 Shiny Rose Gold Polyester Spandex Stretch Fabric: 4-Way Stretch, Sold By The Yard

-------

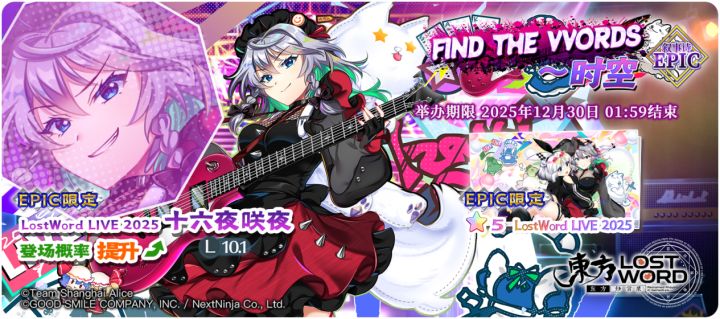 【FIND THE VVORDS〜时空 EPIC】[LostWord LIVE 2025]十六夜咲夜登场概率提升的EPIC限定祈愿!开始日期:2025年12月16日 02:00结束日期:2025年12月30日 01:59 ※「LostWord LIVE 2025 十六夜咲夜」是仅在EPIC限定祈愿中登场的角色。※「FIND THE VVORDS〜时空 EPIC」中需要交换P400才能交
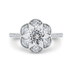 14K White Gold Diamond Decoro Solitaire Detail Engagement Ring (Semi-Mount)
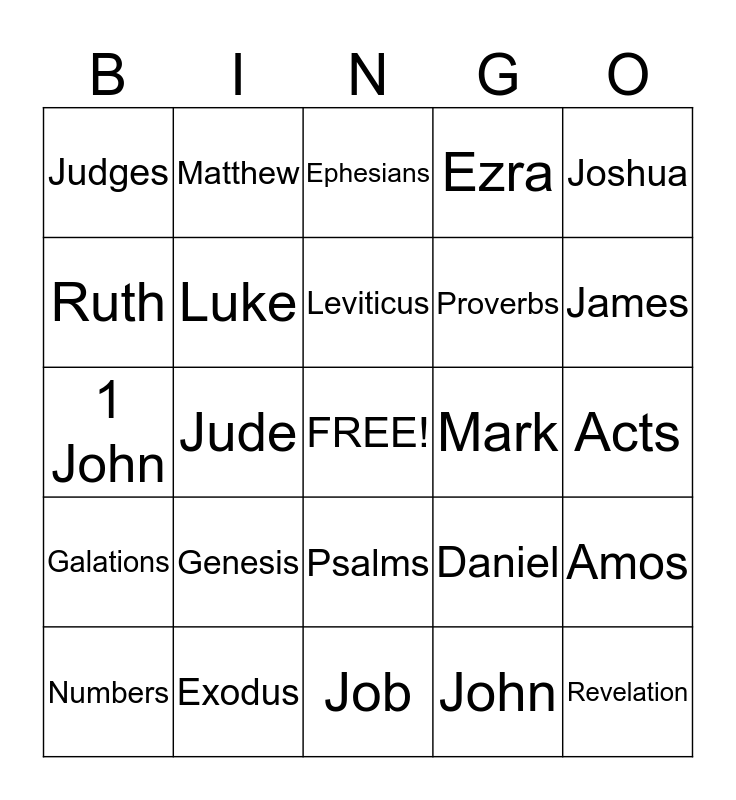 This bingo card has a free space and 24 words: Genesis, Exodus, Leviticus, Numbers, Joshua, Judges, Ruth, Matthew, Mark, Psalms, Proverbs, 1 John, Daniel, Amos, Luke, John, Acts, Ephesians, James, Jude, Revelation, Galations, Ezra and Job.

-------

Above are some records. Reproduce the lines from the one with "THE VVORDS〜时空 EPIC」中需要交换P400才能交" down to the one with "14K White Gold", keeping both, and leave every picture out.

Problem solution:
 【FIND THE VVORDS〜时空 EPIC】[LostWord LIVE 2025]十六夜咲夜登场概率提升的EPIC限定祈愿!开始日期:2025年12月16日 02:00结束日期:2025年12月30日 01:59 ※「LostWord LIVE 2025 十六夜咲夜」是仅在EPIC限定祈愿中登场的角色。※「FIND THE VVORDS〜时空 EPIC」中需要交换P400才能交
 14K White Gold Diamond Decoro Solitaire Detail Engagement Ring (Semi-Mount)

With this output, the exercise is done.